A four-panel pathology synthesis diagram links environmental and nutritional exposures to chronic low-grade injury, latency, tissue vulnerability, and later clinical disease. — **Panel A:** Shared timeline showing sustained exposure, chronic low-grade injury, oxidative stress, inflammation, DNA damage, metabolic overload, tissue vulnerability, and clinical disease.. **Panel B:** Adult lung and airway showing air pollution and tobacco smoke exposure, alveolar inflammation, reactive oxygen species, epithelial DNA damage, malignant nodule, and 20-30 year latency.. **Panel C:** Child silhouette showing protein-calorie malnutrition with developing brain injury, liver change, muscle wasting, skin and hair changes, and rapid injury in growing tissues.. **Panel D:** Adult abdominal cross-section showing visceral adiposity, insulin resistance, fatty liver/NAFLD progression over 10 years, and colorectal cancer risk over 20 years..
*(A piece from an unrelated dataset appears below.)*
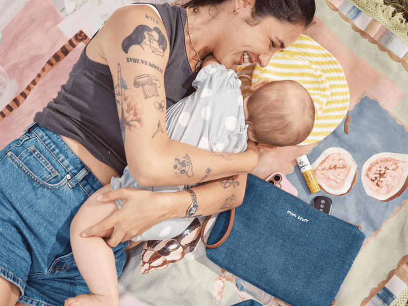 The "Mum Stuff" pouch gives you a dedicated spot for your own essentials - so you're not digging through baby items to find your own things. Paired with the matching " I Love Being Mum" denim cap. A little bundle just for her.
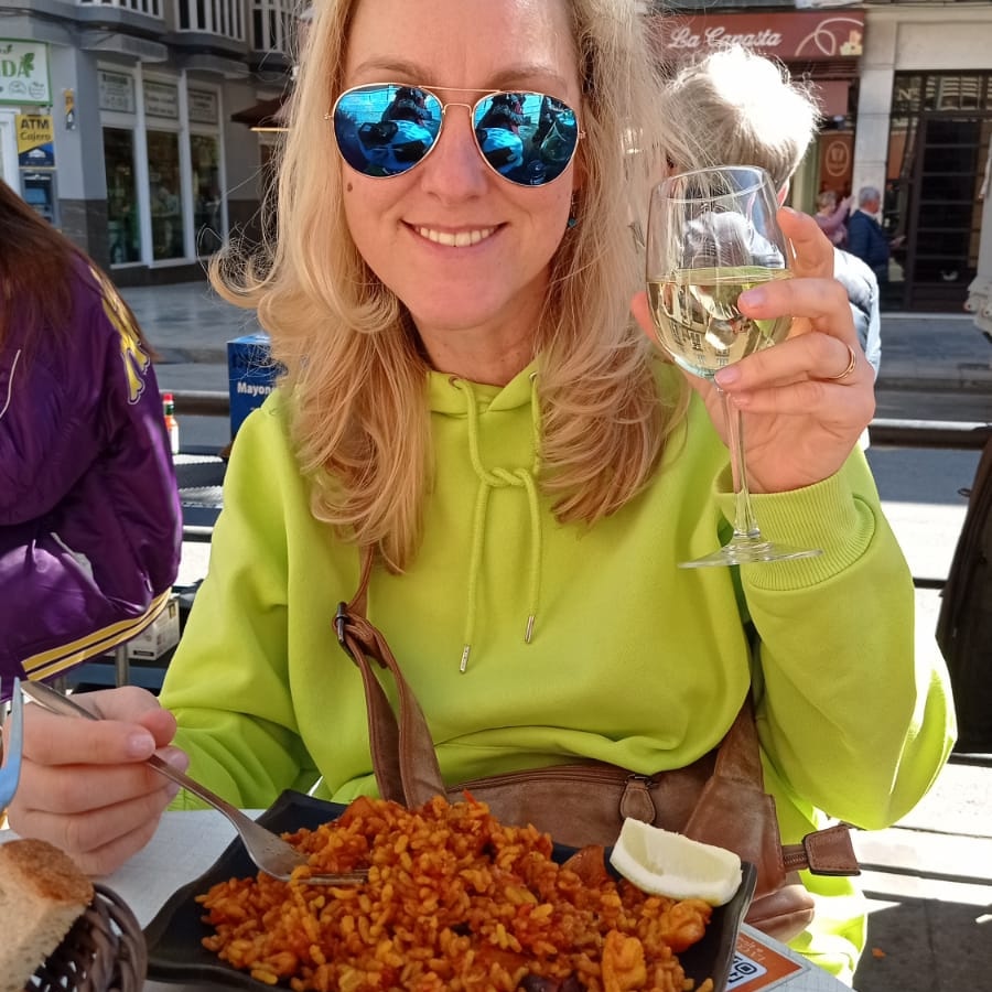 Po wizycie w muzeum przyszedł czas na andaluzyjską paelle de marisco, oczywiście w akompaniamencie białego wina.

The three PA12 competency areas share a common pathological theme: chronic low-grade injury from sustained exposure.

Air pollution and tobacco cause decades-long oxidative stress, inflammation, and DNA damage before clinical disease appears — the latency between first cigarette and lung cancer is typically 20–30 years.
Protein-calorie malnutrition causes accelerated morphological changes in actively growing tissues — the child's developing brain, liver, and skin are the earliest casualties.
Obesity and metabolic syndrome represent a sustained metabolic overload — the same visceral adiposity that causes insulin resistance today causes NAFLD in 10 years and colorectal cancer in 20.

Recognising the time scale of these exposures is as important as knowing the pathological endpoint — it is the foundation of both primary prevention counselling and early diagnosis.